This book is an autobiography which
interleaves the author's life as a child, teenager and university student with
the year he spent as a correspondent in war-torn Sarajevo. The book starts with
the author landing in a Luftwaffe C-130 food-aid plane at Sarajevo airport in
August 1993 and ends, after his graduation from law school, with his marriage
in July 2001. Chapters literally alternate between the year in Sarajevo and the
incidents in his life before and, near the end of the book, after his period as
a war correspondent. The theme that links these two stories is the author's unipolar
As the stories develop we learn
that clinical depression runs in his mother's family and affected not only the
author but also one of his sisters. There is a moving account of how his
mother's brother, Robert, was virtually incapacitated by it and died young.
What this reviewer found most heartening was the wonderful account of the
author's family -- his mother and father come over as the most marvelous and
caring of people who have to endure agonies over two of their children but have
enormous reserves of inner strength and goodness to persevere and see both of
the children through the trauma of depression. This is also the story of caring
psychiatric professionals who take tremendous trouble to help their depressed
patients. Incidentally it is also an unusual compliment to the pharmaceutical
industry for their production firstly of Prozac which helped the author's
sister but did nothing for him and then later Zoloft which did do the trick for
him and helped him to re-enter the real world and enabled him to both find
himself and to do something for other people in the process.

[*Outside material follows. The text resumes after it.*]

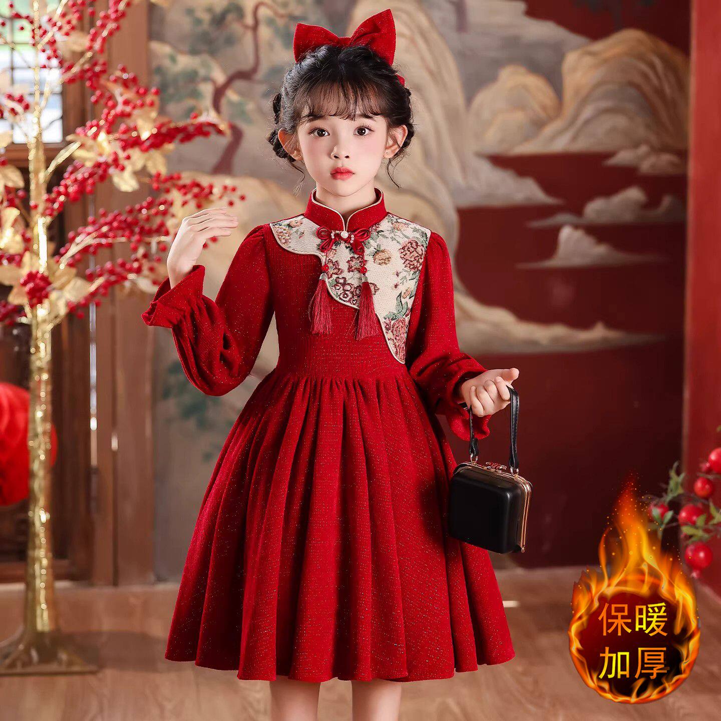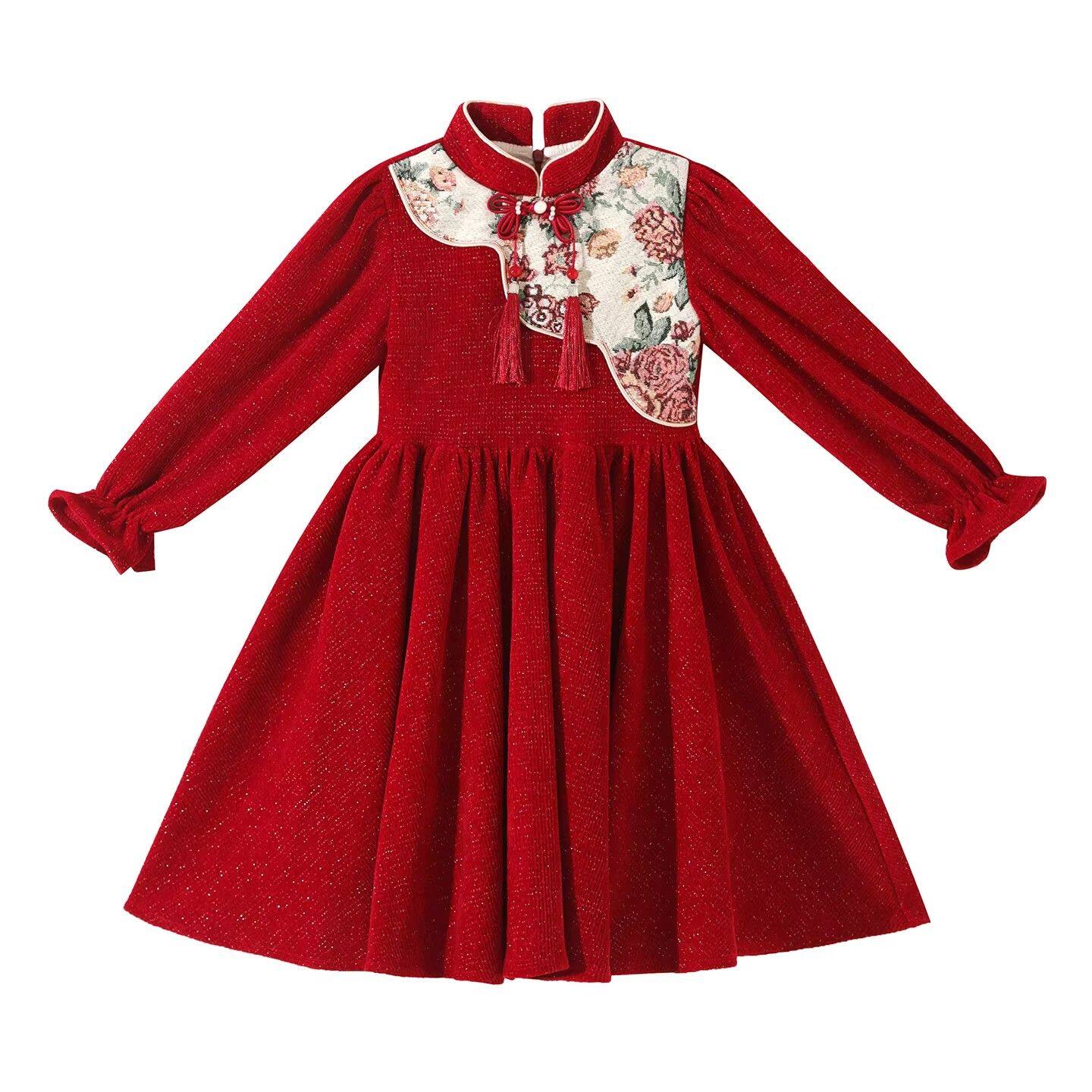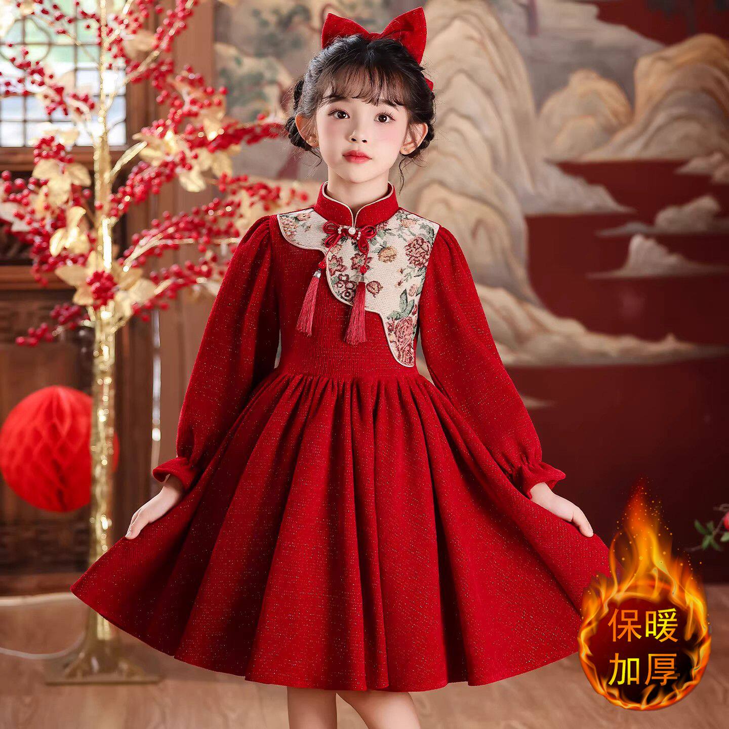 女童秋冬款连衣裙2025新款儿童礼服中大童长袖中国风红色加绒裙子

The self-discovery and the doing of
good both came during his period working as a freelance journalist in Sarajevo.
The book gives a very good feel of this appalling war which devastated one of
the most beautiful and cosmopolitan cities in Europe, brought shame on the Chetnik
Serbs who tried to ethnically cleanse the city by raping the Muslim women and
by killing the men and children, brought home the uselessness of the United
Nations which pretended to be refereeing a just war, and generally brought to
the attention of those who cared enough to pay attention how hypocritical most
Western governments were as they mouthed platitudes while doing nothing to help
the plight of half a million innocent civilians as they were picked off by the
encircling Serb army.
The author tells of how he stayed
with a couple of Bosnian families and eventually got to know probably the most
famous of the Bosnian anti-snipers -- those patient people whose job it was to
kill the Chetnik snipers who were callously shooting men, women and children as
they tried to lead their lives in conditions of dreadful poverty, deprivation
and danger. It was his meetings with this man that led to the author's article
for Details magazine which was entitled 'Shot Through the Heart'. This
article was turned into an HBO movie and went on to win a Peabody Award for
Best Cable Movie of the Year.
This reviewer was struck by how
throughout the book the author is extremely honest about his own shortcomings
and how clinical depression led him to be the sort of person he just did not
want to be! Anyone suffering from depression should read this book. It is good
to know that other people have gone through the same depths of despair and yet,
with help from family, friends and caring professionals, have come out the
other side as strong people who can not only efficiently run their own lives
but can also contribute positively to making a better world for other people.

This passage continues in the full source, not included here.